The 42 API provide programmatic access to read and write 42's data. You can get and interact with the whole intranet data, and do things such creating a new message on the forum, read users profiles, get datas on a project, and more. On his second version, it identifies 42 applications and users using OAuth, and responses are available in JSON.
Whether you're looking to build an official 42 integration for your service, or you just want to build something awesome, we can help you get started.
The API works over the https protocol. and accessed from the api.intra.42.fr domain.
- The current endpoint is https://api.intra.42.fr/v2.
- All data is sent and received as JSON.
- Blank fields are included as null instead of being omitted.
- All timestamps are returned in ISO 8601 format
Current version
The current API version is 2.0.
Authentication
The authentication on the 42 API works with OAuth2.
OAuth2 is a protocol that lets external apps request authorization to private details in a user’s 42 account without getting their password. This is preferred over a basic authentication because tokens can be limited to specific types of data, and can be revoked by users at any time.
All developers need to register their application before getting started. A registered OAuth application is assigned a unique Client ID and Client Secret. The Client Secret should not be shared.

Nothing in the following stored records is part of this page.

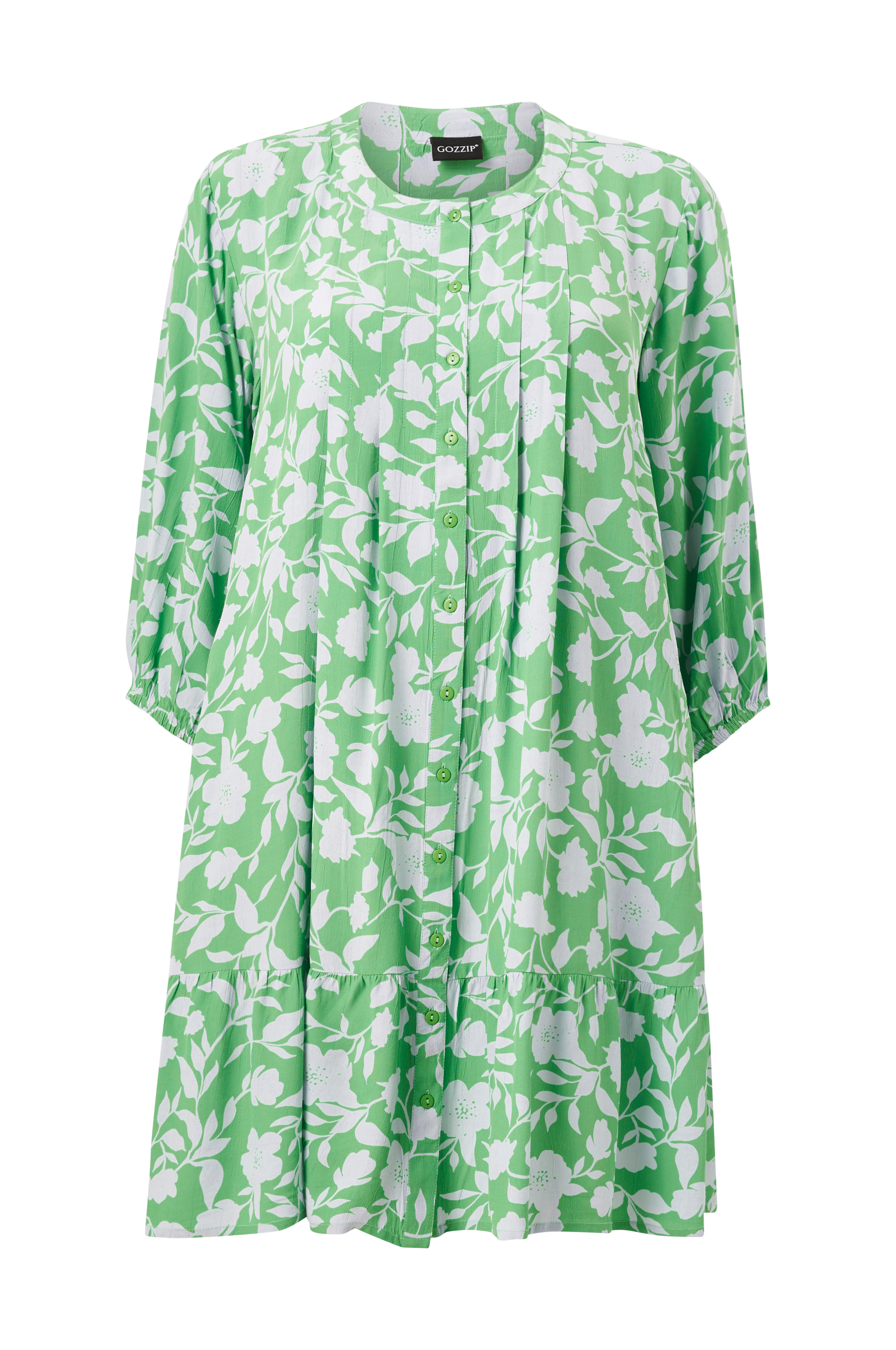 Tunika med lös, vid passform. Knappar fram och volang nedtill. 3/4-långa ballongärmar. Längd ca 101 cm i stl S.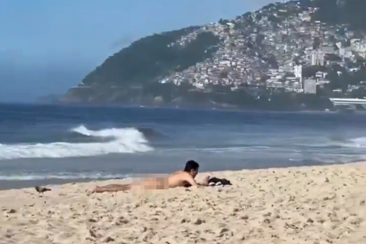 Um homem foi flagrado tomando sol pelado na Praia de Ipanema, na zona sul do Rio de Janeiro. Um vídeo que mostra a situação ocorrida na manhã desta quarta-feira (25/12) circula nas redes sociais (veja abaixo).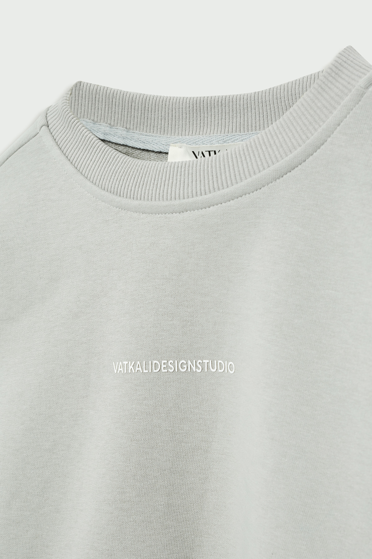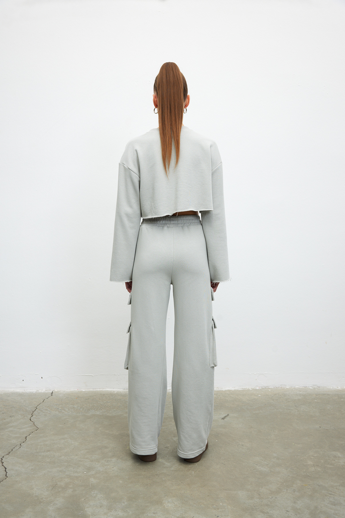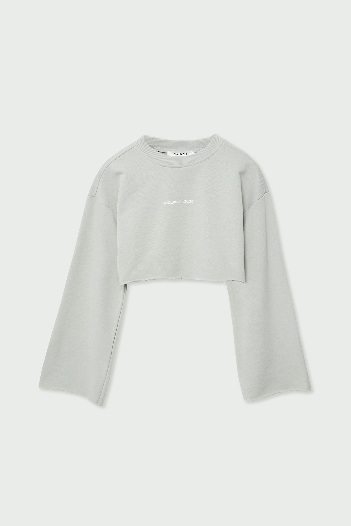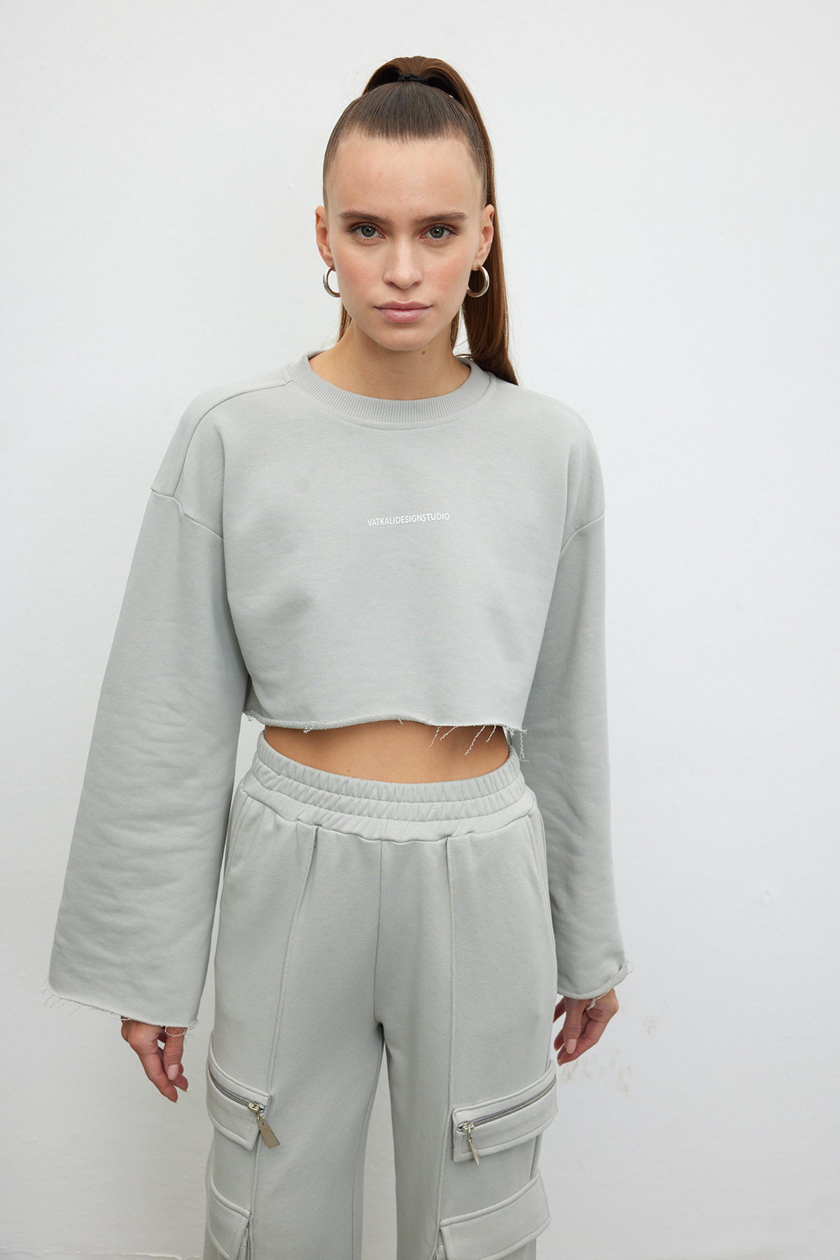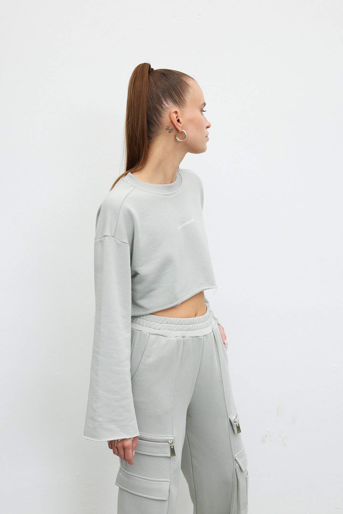 Pamuklu, bisiklet yaka ve uzun kollu, slogan baskılı crop sweatshirt.

Once the access token aquired, it can be passed in the URL with the access_token
parameter, or in the Authorization: Bearer YOUR_TOKEN
header field.
Errors
The 42 API uses the following error codes:
Http Code | Error code | Meaning |
---|---|---|
400 | The request is malformed | |
401 | Unauthorized | |
403 | Forbidden | |
404 | Page or resource is not found | |
422 | Unprocessable entity | |
500 | We have a problem with our server. Please try again later. | |
Connection refused | Most likely cause is not using HTTPS. |
Scopes
App can have different access scopes.
Authorization scopes are a way to determine to what extent the client can use resources located in the provider.
When the client requests the authorization it specifies in which scope they would like to be authorized. This information is then displayed to the user - resource owner - and they can decide whether or not they accept the given application to be able to act in specified scopes.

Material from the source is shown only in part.